Let us repeat the United Front is not an omnibus for harmonious sentimentalists. Radek made that clear in his speeches at the Berlin Conference, and so did the delegates of the Communist International in the declaration which they published at the moment when they signed the statement of the three Internationals.

Finding Them Out

ALREADY, from the standpoint of the Communist International, the wisdom of testing the Second International upon the policy of the United Front is revealing to the masses the reactionary character of the latter group. The Second International has refused, because it is afraid, to take its stand side by side with the Communist Party in the proletarian struggles in Germany. In order to carry out the policy agreed upon at Berlin, by the three Internationals, the United Front in Germany should be made up by the joint action of the Communists, Independents, and Majority Socialists. The Majority Socialists, of the Second Internationals, by refusing to fight along-side of the Communists, have compelled the Independents to take their place by the side of the Communists. This means that in Germany the Right is discredited, and that the Centre swerves to the Left.

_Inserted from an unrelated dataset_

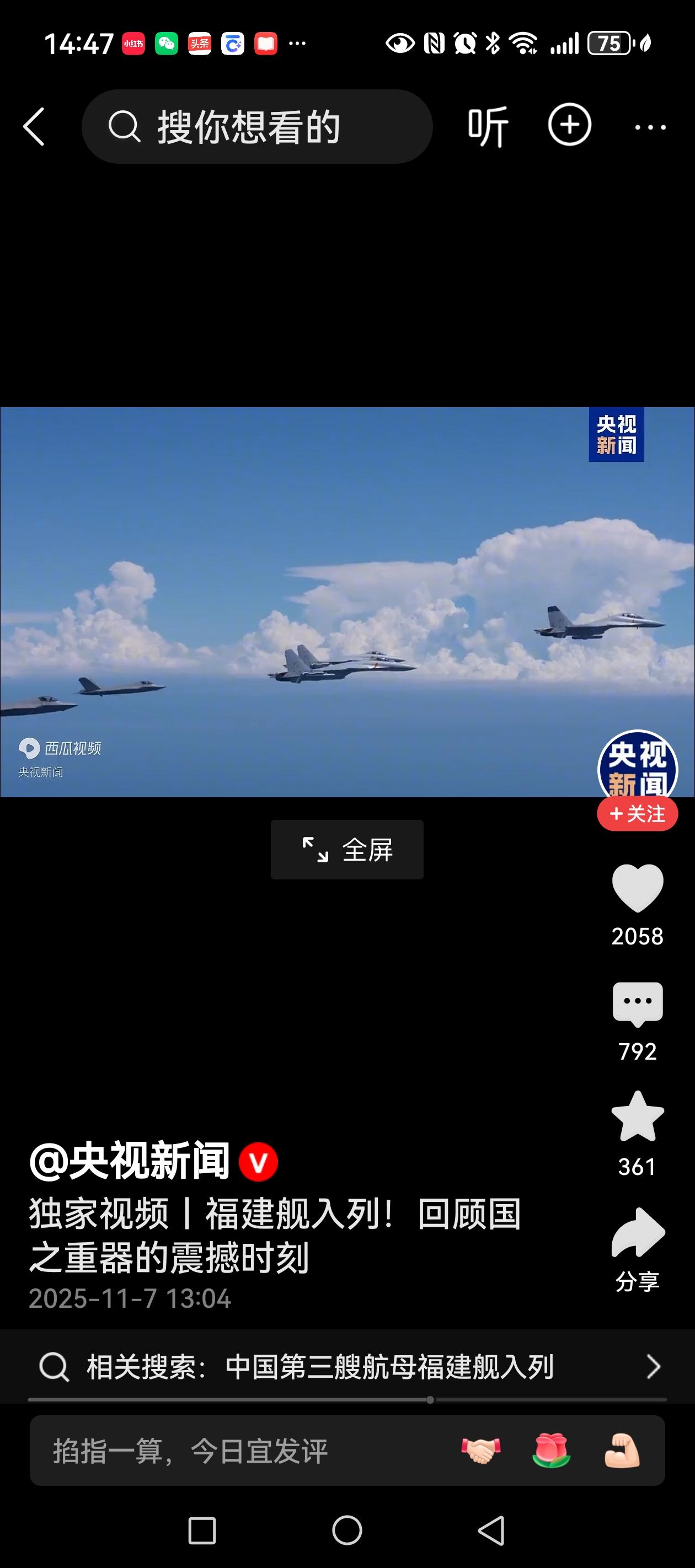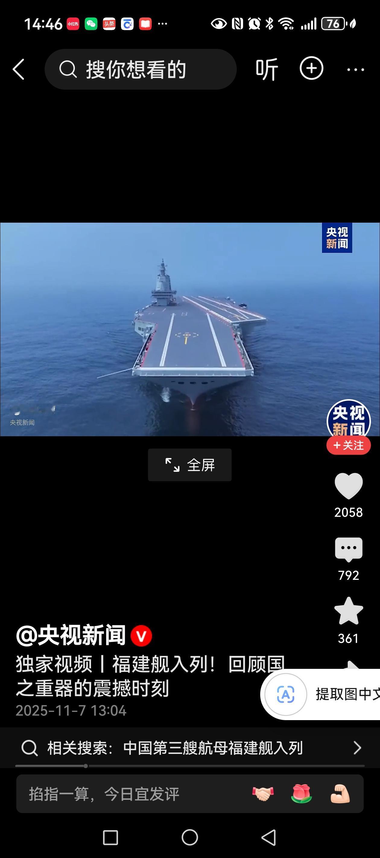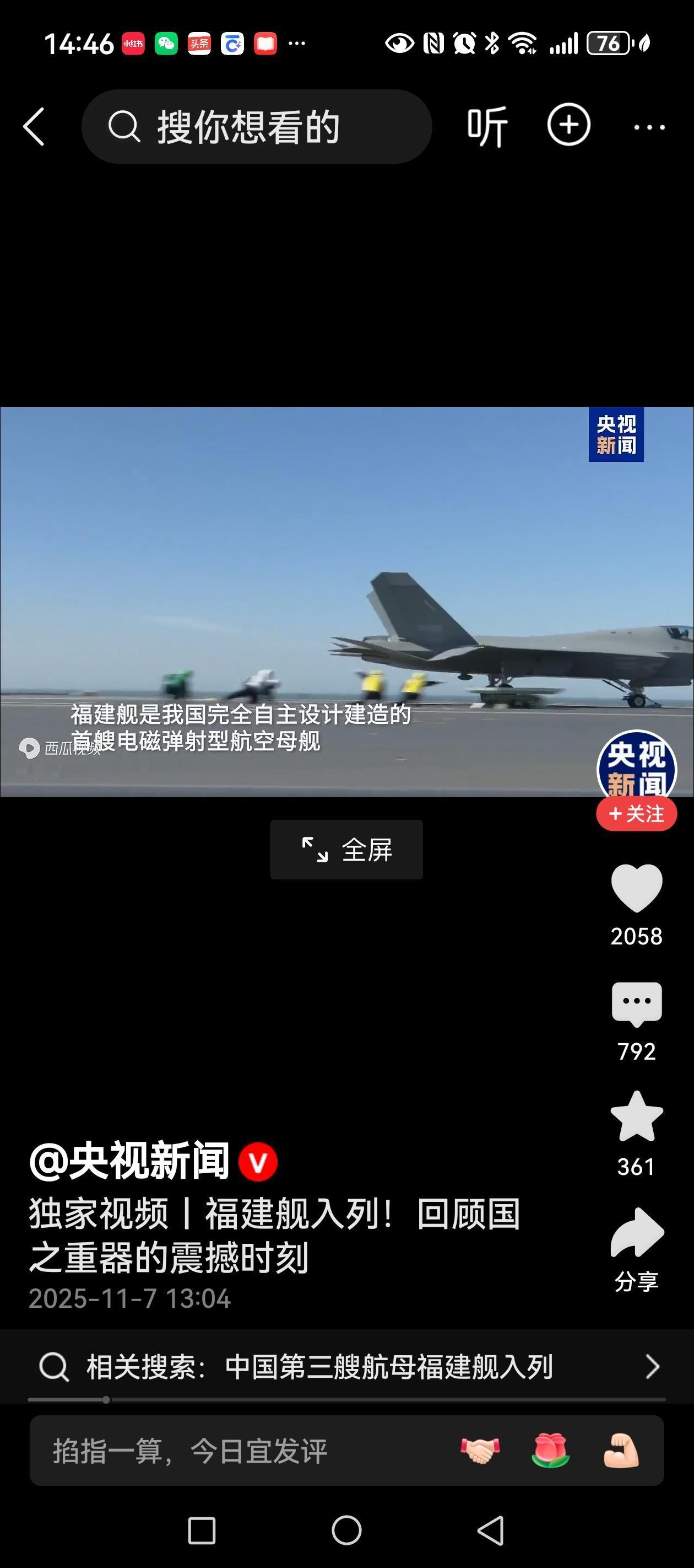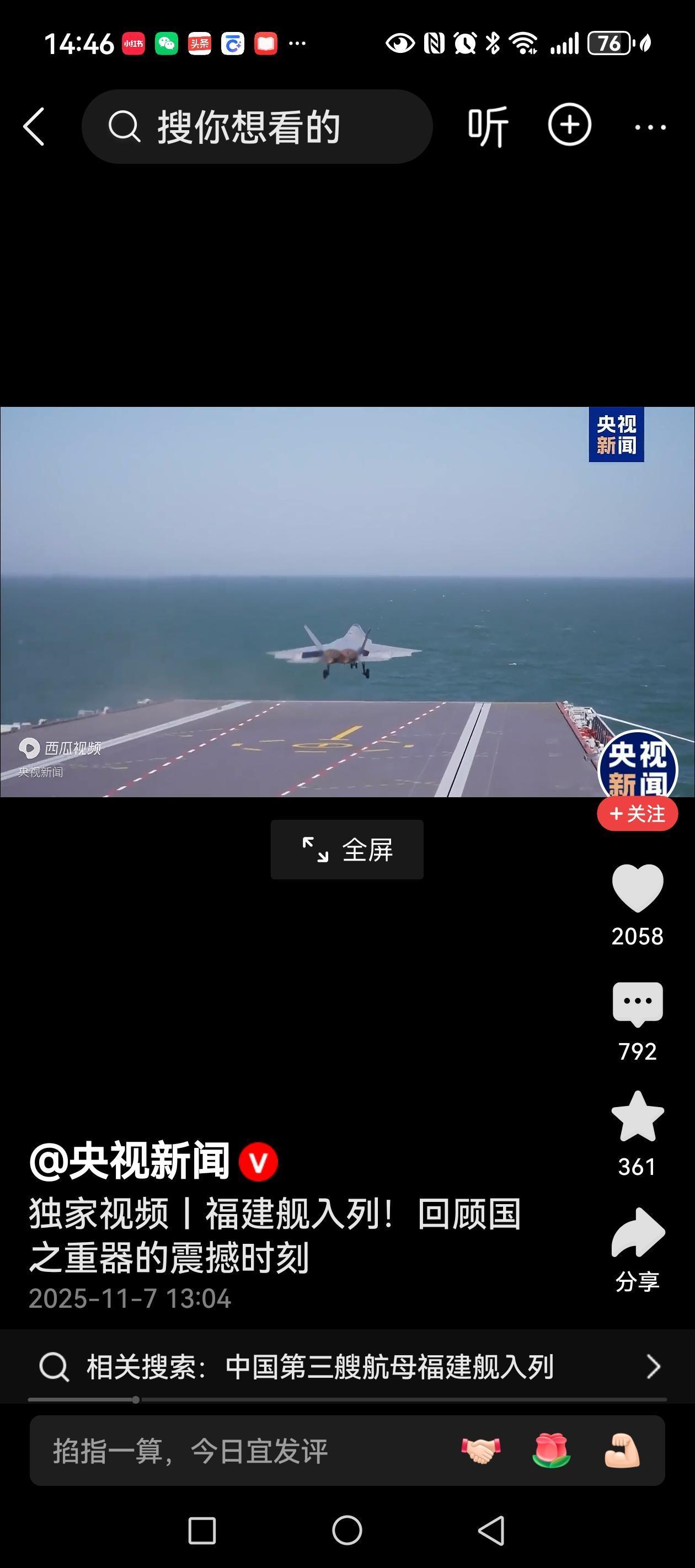 在军迷们的猜测和期待中,新闻来了,我国第三艘航母拥有电磁弹射的福建舰正式入列了!没有任何悬念,也没有过度渲染,一切都是那么顺理成章。人民海军威武!

As the class struggle develops it will be found that the Second International will openly identify itself with capitalist imperialism while the Centrist tendencies will be pressed ever towards the Communist International. The strategic value of the United Front tactics is that it will accelerate the development of these factors.

Genoa

RUSSIA, with her practical realism, is the most inspiring and yet, withal, the most disconcerting element at the Genoa Conference. While these notes are being written the Russian delegation has shown the way to solve the international problems at present confronting the various national States. Take Lloyd George’s opening speech, which has been heralded as a most remarkable statement. What practical proposal did he make? None at all. It was and remains a superb piece of rhetorical eloquence, but it got nowhere and did not face international realities. The whole facade began to crack when the matter of fact Chicherin proposed universal disarmament. This simple touch of proletarian realism threatened to wreck the precious assembly of eloquent blatherskites, all of whom have been asking the heavens to observe their peaceful and brotherly intentions. In the midst of the rhetorical rantings of the imperialists regarding the need for international peace Soviet Russia interjected to say: “Very well, then, let us all disarm”! That one pointed fact punctured all the eloquent phantasies so gracefully blown by balloon specialists like Mr. Lloyd George. Small wonder the Conference was staggered, small wonder that France wanted it ended there and then, small wonder that the journalists of the various nations stampeded from the gallery—for here was a delegation of so-called diplomats who were innocent enough to imagine that when imperialist statesmen talked about peace that peace was actually meant! They had hoped for better things from Chicherin. They were of the opinion that he was going to be a real diplomat and play the game. Instead of acting like a diplomat he clumsily butts in and says if we must have peace then let us all disband our armies. In very truth these Bolsheviks can never learn, because they cannot appreciate the fine art of high politics and the intellectual game of international diplomacy. Any child knows that without armies and fleets nations cannot fight or go to war, but imperialist statesmen never solve problems in that simple manner. True to the breed of Horatio Bottomley and Winston Churchill, it is a much finer thing to talk of peace when every nation is armed to the teeth!